Lately I’ve been coming around to particular ideas that maybe back in the day I would have thought “that’s not really for me”. Well, maybe I’m getting older. Maybe I’m not as uptight or more interested in trying new things. Or maybe I’m just need a change. Here are some things I wouldn’t mind doing.
Getting my nails done.
I know this isn’t really a big one but if you’re like me and have NEVER had your nails did.. it’s a bit of a “far out” idea. I have friends who get them done all the time and go on and on and on and on about them. My best friend basically has a nervous breakdown when her nails don’t come out how she wanted, she breaks one, her nail technician isn’t available. The list literally goes on.
For me, I have no nails. I bite them. Whenever I paint my nails it looks like little colorful nubs. It’s ridiculous. I’m kind of associating nice nails with being more of a polished lady. Maybe I’m coming to the age where I want to come across as more put together. I’ve spent so much of my life (all of it) NOT looking like I gave a fuck. Let’s be honest though, I don’t think that would change but at least if I look like I don’t care about what I wear, my face, hair and nails would look good.

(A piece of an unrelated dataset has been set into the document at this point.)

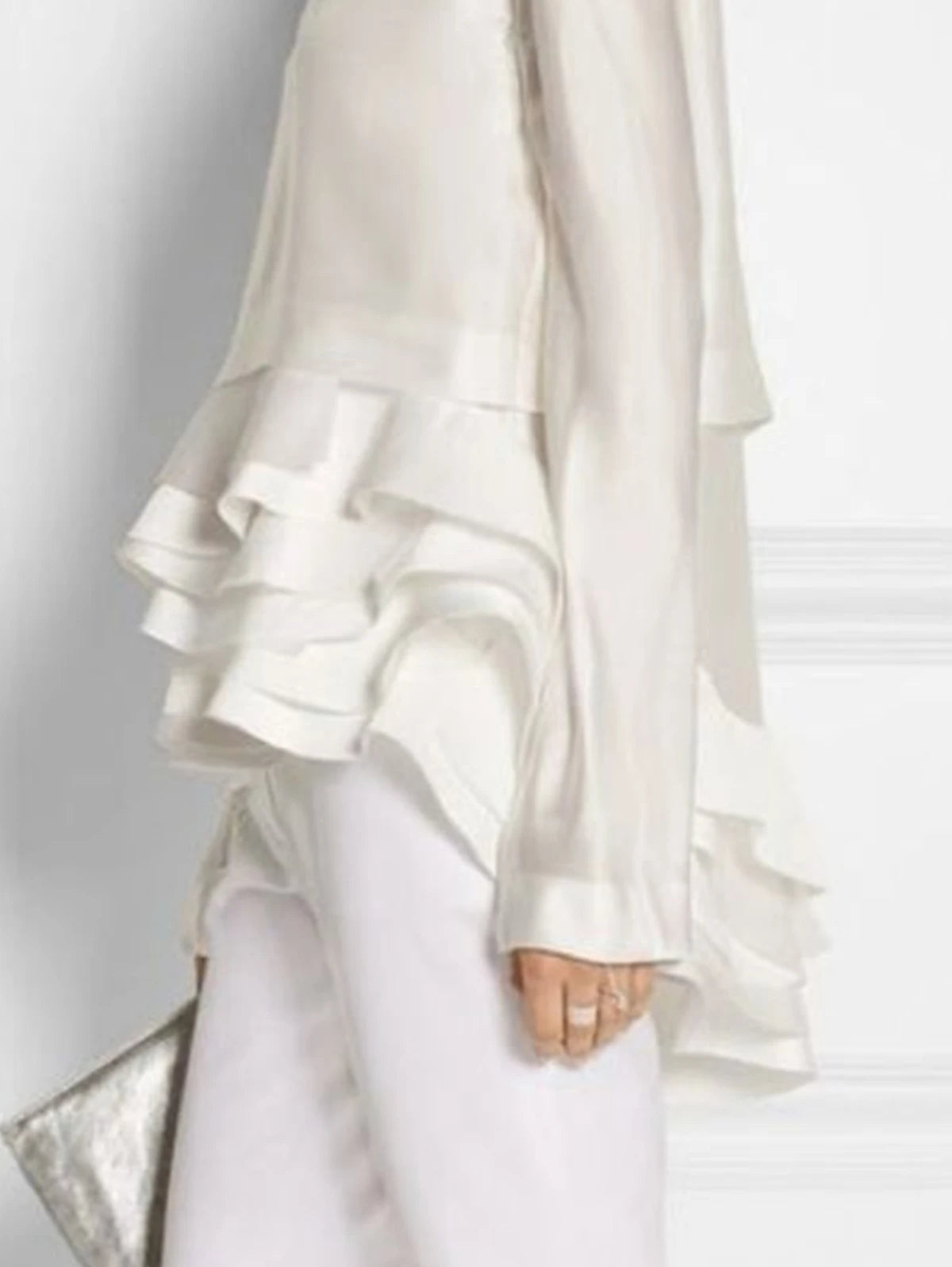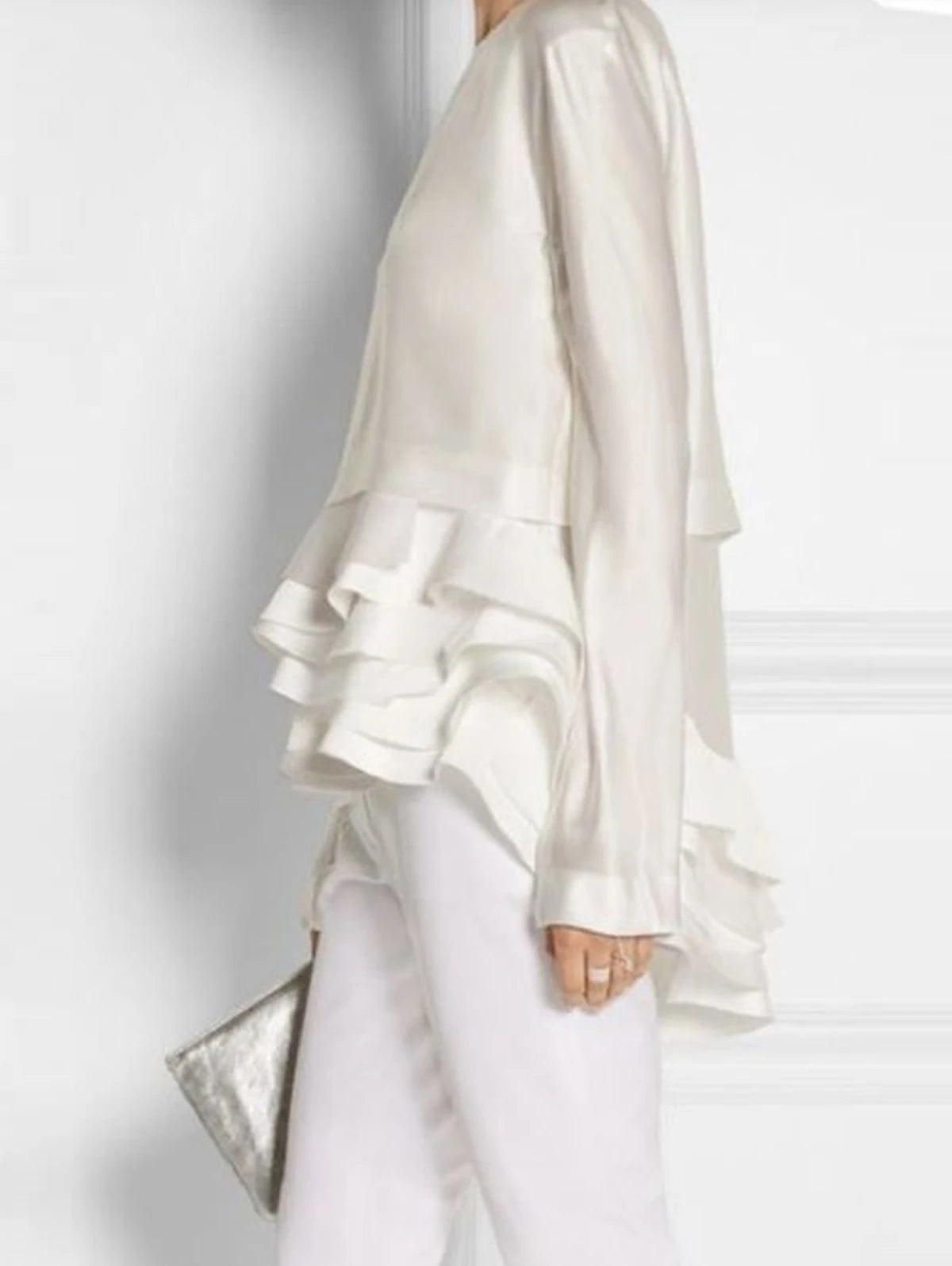 GETADME 여성 플러스 사이즈 셔츠 러플 우아한 솔리드 플레어 슬리브 러플 레이어드 밑단 셔츠 오피스 레이디 가을 라운드넥 블라우스 여성용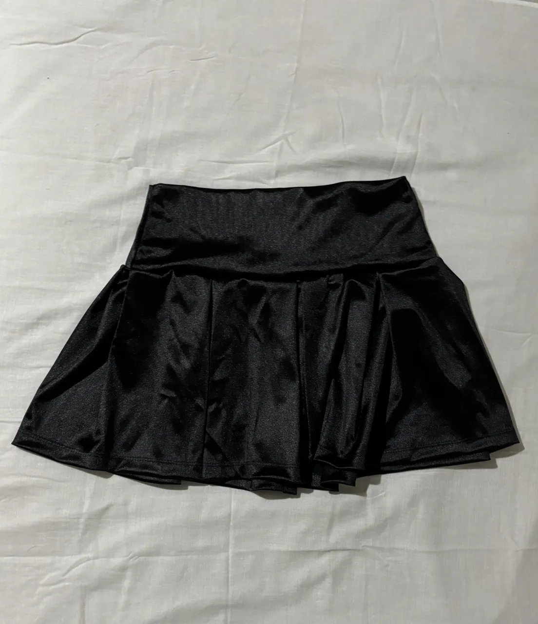 Pollera negra corta, con tablas y tiro bajo.

It’s hard keeping up with two best friends who are always “What are you going to wear? Are you dressing up?” whenever we have an outing planned. I’m not the dress up type where else they very much are. I go out with a decent looking face and hair and my nubby, non-painted, bitten down and sometimes red from hair-dyed nails. So yeah, maybe this will be a thing I’ll get done. I just don’t know how I’ll pick my nose afterwards. I always imagine my finger going to my brain.
Yeah, maybe this one does come down to age. Do I feel like I particularly need it? Not really. But now days you see people 19 years old running out getting a full body makeover. That’s not necessary but I guess they’ve wanted it. I know many people who have implants. A couple before 20, after 50. I have at least 4 people in my family who have theirs done and I never really understood why. Personally I’ve never needed them. I’ve grown up with big boobs but now I’m kind of looking down and thinking “maybe??”.
With me getting my lips done in a couple days it’s kind of making me think more of doing something a little more drastic. Whenever I have brought this up to people outside of my family though it’s met with very strong opinions which usually ends with “you don’t need it”. Yeah, I guess I don’t AT THE MOMENT but there will come a time where those opinions may not be as heavy. I guess I’ll work on my face first and look at fillers.
Getting Really Dressed Up.
I hate this. But I feel like the time is coming where I’m going to have to get reeeeeeeeeeeally dolled up and pretend I give a shit about looking good from the neck down. Jeans, runners and maybe a new shirt is usually as far as I go. I managed to go from one pair of heels to 3 this year so that’s a step in that direction. I’m not one for shopping for clothes either. The few times I have dressed up I will admit, I liked what I saw. I have a particular look that I like though that still makes me look like “me” but just gets me passed the line of looking fancy. Maybe I’m feeling pressure from the girls to do it more often…. that means clothes shopping though 😥
Attending A Justin Bieber Concert.
This is something I don’t want to do but part of me is kind of into the idea. Once again the Biebster is coming to town and my best friend is urging us to go. Not really my thing. BUT!!! maaaaaaaaaaaaaaybe it could be enjoyable?? Right?? I’d just have to disregard that screaming moms and preteen girls, lots of kids, screaming… screaming… and more screaming. Actually, I’m not sure about it this one. Plus, I like my money.
This is all I could think about at the moment.
I just need a makeover. We’ll see how I come out after Saturday. It may be the start of something…. beautiful-er???